» The problem
Could you give the data that follows again exactly, without its pictures?

» The data
--------

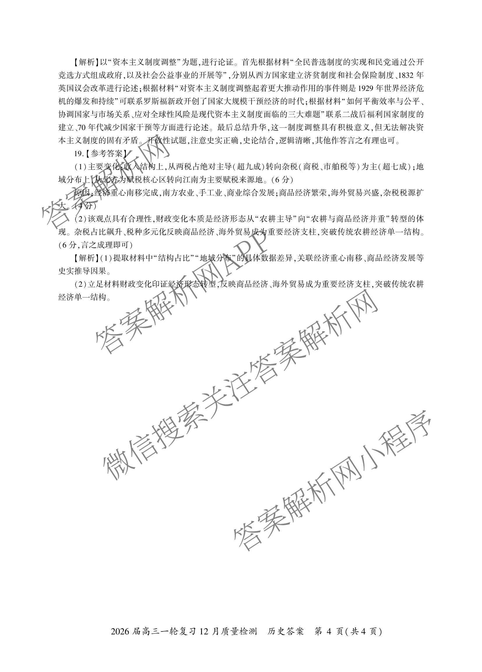 - (高三)(百师联盟)·2026届一轮复习12月质量检测(12.24)历史(百K)答案
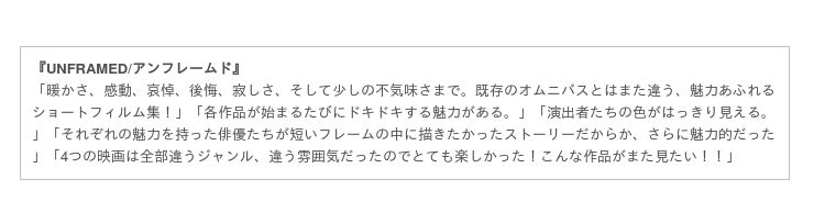 この度、株式会社Watcha Japan(本社:東京都千代田区、代表取締役兼CEO:黒田 淳一)は、映画好きのための月額動画配信サービス「WATCHA(ウォッチャ)」にて初のオリジナルショートフィルムプロジェクト『UNFRAMED/アンフレームド』の4作品を、12月22日(水)より一挙独占配信開始いたします。配信に際し、監督や出演者が制作の裏側を語る3分を超えるメイキング映像が到着いたしました。
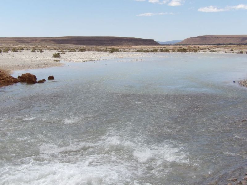 We zagen een enorme kudde van een paar honderd dromedarissen die op de steppe liepen te grazen. Halverwege de route ligt Tissent en vlak voor Tissent is door erosie een grillig patroon in de aarde ontstaan, fraai om te zien. Ook is er een 15m diepe canyon waar onderin wat palmbomen groeien. Bij Tissent zijn we naar een waterval gegaan maar die was vrijwel verdwenen omdat men een dam had gebouwd, misschien om energie te winnen.* Er was nog een kleine waterval over waar vrouwen de was deden.
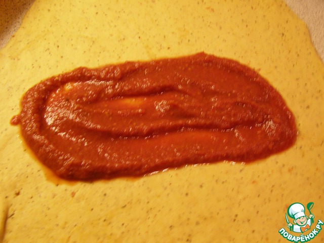 Половину лепешки промазываем сначала пастой томатной Pomito, так как там уже добавленны все специи.

--------

» Response below
 - (高三)(百师联盟)·2026届一轮复习12月质量检测(12.24)历史(百K)答案
 この度、株式会社Watcha Japan(本社:東京都千代田区、代表取締役兼CEO:黒田 淳一)は、映画好きのための月額動画配信サービス「WATCHA(ウォッチャ)」にて初のオリジナルショートフィルムプロジェクト『UNFRAMED/アンフレームド』の4作品を、12月22日(水)より一挙独占配信開始いたします。配信に際し、監督や出演者が制作の裏側を語る3分を超えるメイキング映像が到着いたしました。
 We zagen een enorme kudde van een paar honderd dromedarissen die op de steppe liepen te grazen. Halverwege de route ligt Tissent en vlak voor Tissent is door erosie een grillig patroon in de aarde ontstaan, fraai om te zien. Ook is er een 15m diepe canyon waar onderin wat palmbomen groeien. Bij Tissent zijn we naar een waterval gegaan maar die was vrijwel verdwenen omdat men een dam had gebouwd, misschien om energie te winnen.* Er was nog een kleine waterval over waar vrouwen de was deden.
 Половину лепешки промазываем сначала пастой томатной Pomito, так как там уже добавленны все специи.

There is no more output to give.